You who live with me, and you who will follow me in time
May this gift from my generation bring you joy
May you fly in space looking for a silver-bodied beauty
And may someone of rosy cheeks come here looking for you.
There is a passionate optimism in Sahir's poem, which works at several
levels. First, it is imbued with internationalism, in the way in which it
appropriates a foreign achievement with unselfconscious ease. There is a mocking
disavowal of tradition, implying that those who irrationally believe in
astrology and the eternal power of the stars are now to be pityingly invited
into the scientific fold. But above all, the poem demonstrates an abiding faith
in technology, a belief that nature will ultimately bow down toward the power of
human endeavor.
Sahir's poem is not an isolated instance of the
celebration of modernity by the Urdu poets. Progressive poets developed the
trope of modernity incessantly in their writings, as a marker of their era, and
as a solution to the several problems that beset Indian society. This sense of
modernity was to be marked by the triumph of reason, the creation of a
"pure present" that would wipe away the horrors of the past, a
teleological march towards social perfection, and the eventual elimination of
all exploitation and inequalities.
In his famous poem Makaan (House) for instance, Kaifi Azmi wrote
evocatively about construction workers and their role in the conquest of nature:
Haath dhalte gaye saanchoN mein to rukte kaise
Naqsh ke baad naye naqsh nikhaare hum ne
Ki ye deewaar buland, aur buland, aur buland
Baam o dar aur, zaraa aur sanwaare hum ne
AandhiyaaN tod liya karti thhi sham'oN ki laveN
Jad diye is liye bijli ke sitaare hum ne
Once our arms learned the craft however, how could they stop?
Design after design took shape through our work.
And then we built the walls higher and higher,
Lovingly decorated the ceilings and doors
Storms used to extinguish the flames of our lamps
So we brightened our skies with stars made of electricity.

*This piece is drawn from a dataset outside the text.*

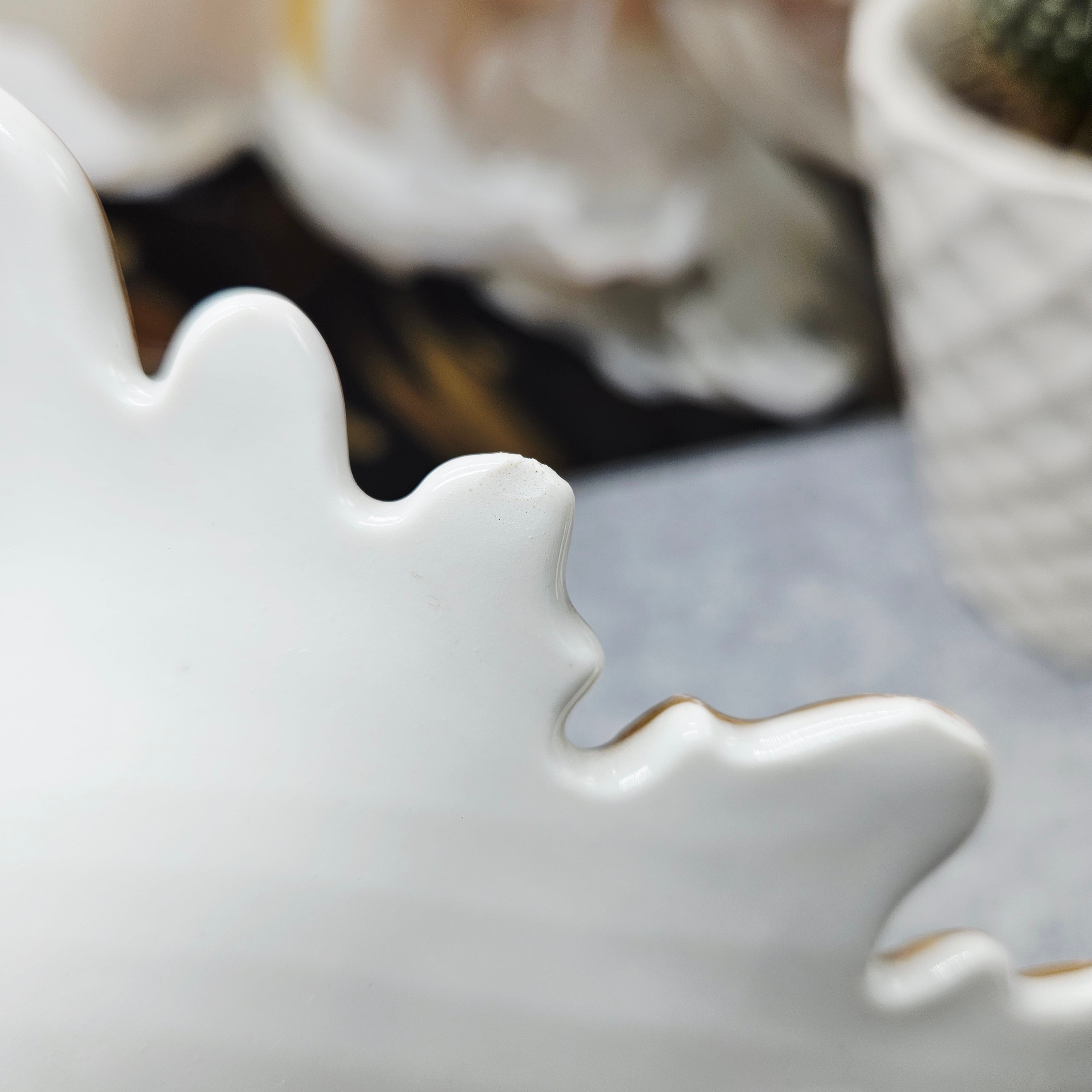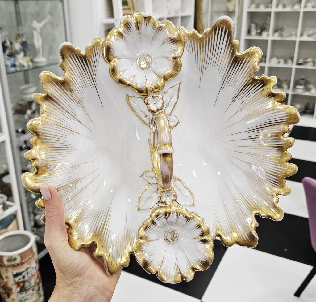 Die Form des Tellers ähnelt einer stilisierten Blüte, und der goldene Henkel mit Blattmotiven in der Mitte verleiht dem Stück eine luxuriöse und funktionelle Note. Solche Stücke wurden verwendet, um bei festlichen Anlässen Desserts, Süßigkeiten oder Obst zu servieren.
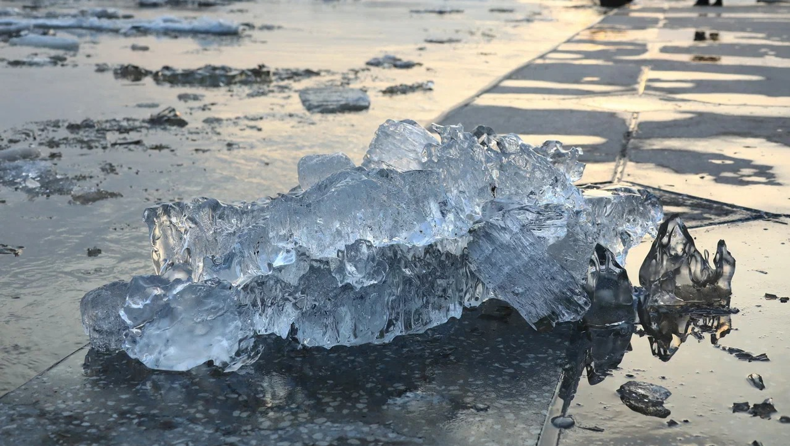 Толщину можно определить визуально: безопасным считается лед голубого или зеленого цвета, в 2 раза менее прочным — белый, а на льду серого, матового или желтого оттенка находиться категорически запрещено.

Kaifi then goes on to lament how the actual creators of this wealth, the
labourers themselves, were deprived of the fruits of their own creation. Of
course, this inequality was an artifact of the premodern past, and needed to be
remedied by the conscious action of workers, through organised moblilisation.
Kaifi poetically exhorts the construction workers to revolt, to create a
revolution in which he, the poet will also participate:
Ban gaya qasr, to pehre pe koi baith gaya
So rahe qaak pe hum shorish e taameer liye
Apni nas nas mein liye mehnat e paiham ki thhakan
Band aankhon mein usi qasr ki tasveer liye
Din pighalta hai usi tarha saron par ab bhi
Raat aankhon mein khatakti hai siyah teer liye
Aaj ki raat bahut garm hawaa chalti hai
Aaj ki raat na footpath pe neend aayegi
Sab utho, main bhi uthoon, tum bhi utho, tum bhi utho
Koi khidki isi deewaar mein khul jaayegi
Once the palace was built, they hired a guard
And we slept in the dirt, with our screaming craft,
Our pulses pounding with exhaustion
Bearing the picture of that very palace in our tightly shut eyes.

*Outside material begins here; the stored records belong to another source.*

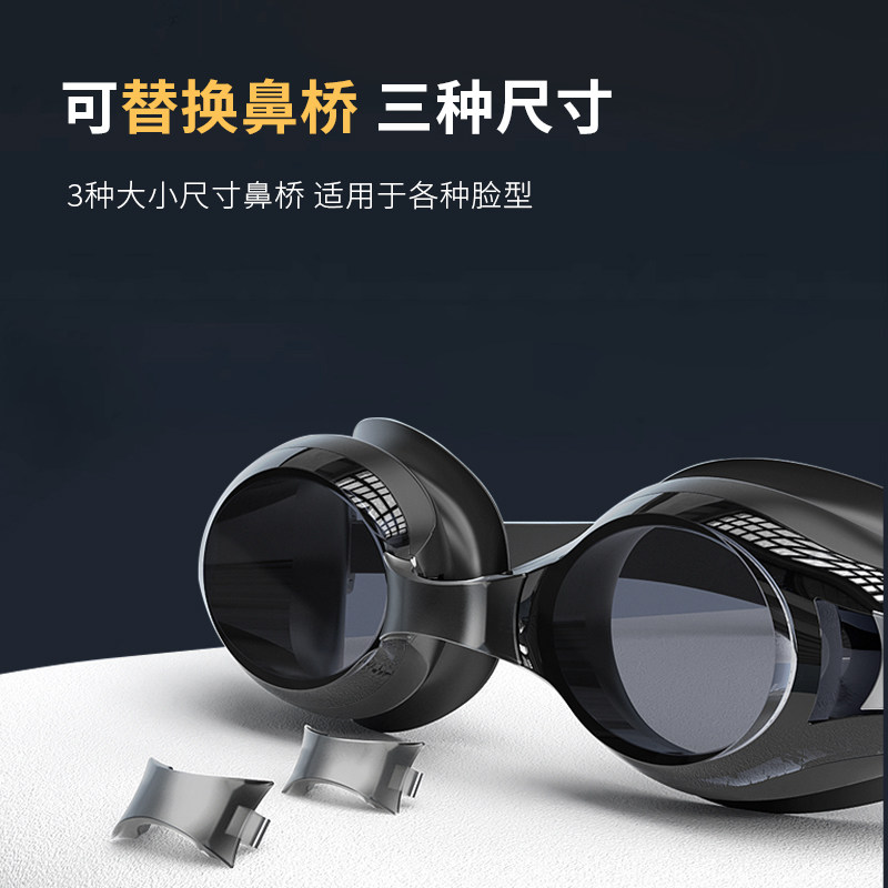 多度数可选(常规平光-1000度,支持左右眼不同度数定制),高清光学镜片还原真实视野;搭载专业防雾技术,长效保持视野通透;硅胶亲肤面垫+可调节头带,贴合面部密封不漏水;耐磨聚碳酸酯镜体抗冲击,配备可更换鼻桥,细节实用易打理。
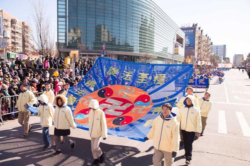 ![]() 2月4日,纽约法轮功学员参加了法拉盛一年一度的“纽约华人新年大游行”,队伍壮观、丰富多彩,富传统的中国人过年的年味,给当地民众带来“法轮大法”和“真善忍”的美好。 |
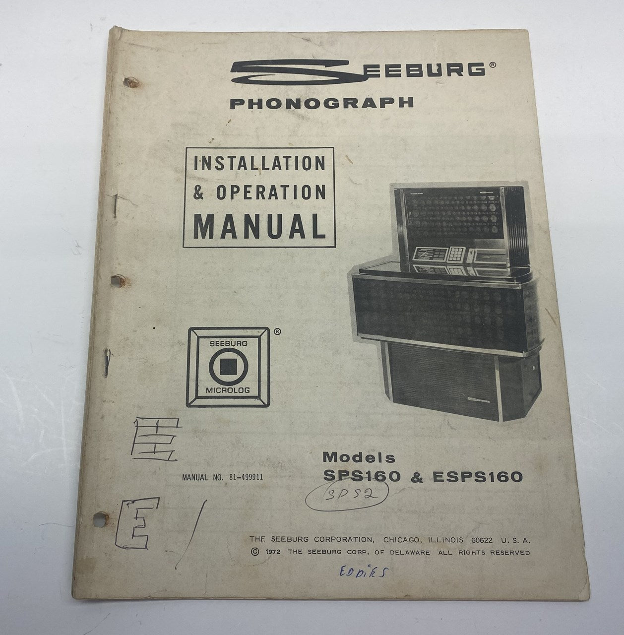 Original Seeburg Model SPS160 and ESPS160 phonographs Installation and Operation Manual in used condition.
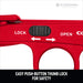 • Large finger hole in the handle for comfort with push button thumb lock for safety
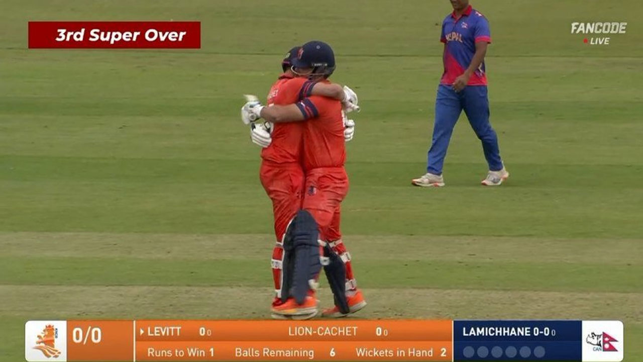 দুটি সুপার ওভারেও সমাধান না আসায় ম্যাচ যায় তৃতীয় সুপার ওভারে। এখানে বল হাতে নেদারল্যান্ডসের জয় নিশ্চিত করে দেন অফ-স্পিনিং অলরাউন্ডার জ্যাক লায়ন-ক্যাশে। ৪ বলে কোনো রান খরচ না করেই তুলে নেন দুই উইকেট। নেদারল্যান্ডসের প্রয়োজন ছিল মাত্র একটি রান। ব্যাট হাতে নামেন মাইকেল লেভিট। সান্দীপ লামিচানের প্রথম বলেই আসে ছক্কা। তাতেই নাটকীয় জয় তুলে নেয় নেদারল্যান্ডস।
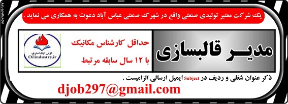 یک شرکت معتبر تولیدی واقع صنعتی در شهرک صنعتی شمس اباد از کارشناسان مکانیک دعوت به همکاری می نماید.
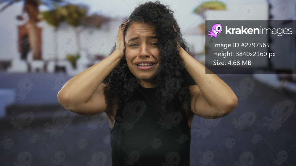Woman feeling stressed on a sunny outdoor street, holding head in hands, young hispanic female expressing frustration in latin urban background.
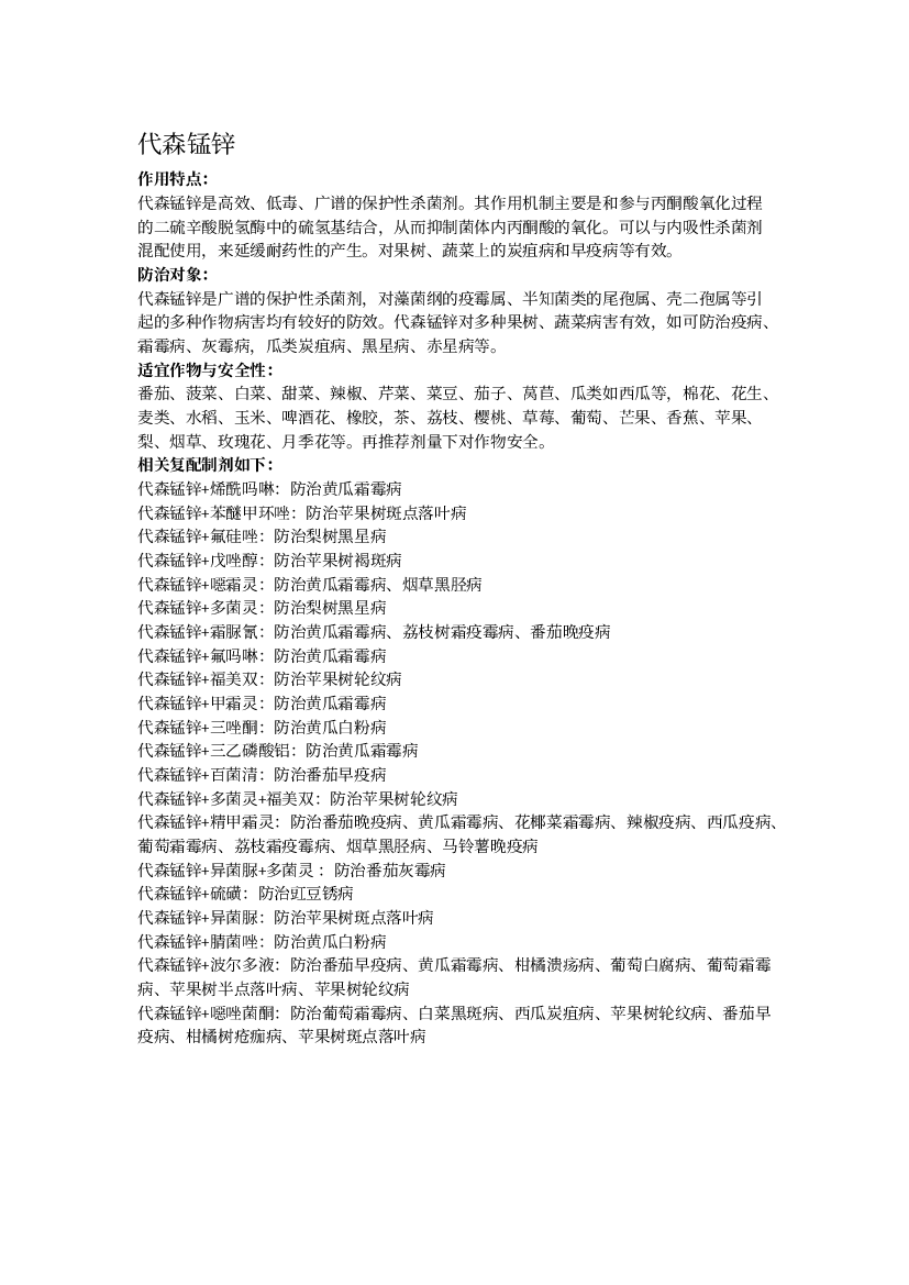 简介:代森锰锌是高效、低毒、广谱的保护性杀菌剂

The day still melts on our bodies like before
The night hits our eyes with black arrows,
A hot air blows tonight
It will be impossible to sleep on the pavement
Arise everyone! I will rise too. And you. And yourself too
That a window may open in these very walls.

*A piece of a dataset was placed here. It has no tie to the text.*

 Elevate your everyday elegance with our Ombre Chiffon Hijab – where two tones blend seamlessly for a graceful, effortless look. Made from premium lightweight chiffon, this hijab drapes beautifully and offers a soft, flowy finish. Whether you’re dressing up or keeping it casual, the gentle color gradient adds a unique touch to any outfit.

The poem is remarkable because it not only represents the power of labour in
achieving mastery over nature (through walls and stars of electricity), but also
depicts the ultimate potential failure of modernity from the point of view of
the socialist; that it does not automatically ensure a just and egalitarian
society. Modernity sometimes fails the very subjects who were promised freedom
from the feudal system they had laboured under in earlier eras. This brings us
to an important issue, of how progressive Urdu poets dealt with the immediate
failure of the modernist promise. How did they deal with the fact that the
conquest of nature never really lived up to its potential, and sometimes even
proved to be more venal and repressive than the traditions it displaced? After
all, the independence of the country brought partition, the cobwebs of
religiousity never could be swept away, and the post-independence era saw the
increased marginalisation and devaluation of the progressive cause and the poets
themselves.
For one, the poets sought refuge in a different form of modernist logic. For
example, they blamed the failure of modernity's promise on the incompleteness of
the modernist project, on its failure to vanquish some of the traditionalist
demons that it was supposed to replace. In other words, the problem with
modernity was seen as related to the fact that we did not have enough of
it.
In his characteristically direct poem, Mera Maazi Mere Kaandhe Pe (My
Past On My Shoulders), Kaifi wondered at the persistence of sectarian violence
in the subcontinent, despite the tremendous progress that had been achieved in
years past. He concluded:
Ab tamaddun ki ho ye jeet ke haar
Mera maazi hai abhi tak mere kaandhe pe sawaar
Mal liyaa maathe pe tehzeeb ka ghaala lekin
Barbariyat ka hai jo daagh, wo chhoota hi nahin
Gaaon aabaad kiye, shehr basaaye hum ne
Rishta jangal se jo apna thha, wo toota hi nahin
Be it the victory or the loss of culture
My past is still seated on my shoulders.
I have painted civility on my face
But it is still pockmarked by barbarity
I have populated villages, moved to cities
But never severed my relationship with the jungle.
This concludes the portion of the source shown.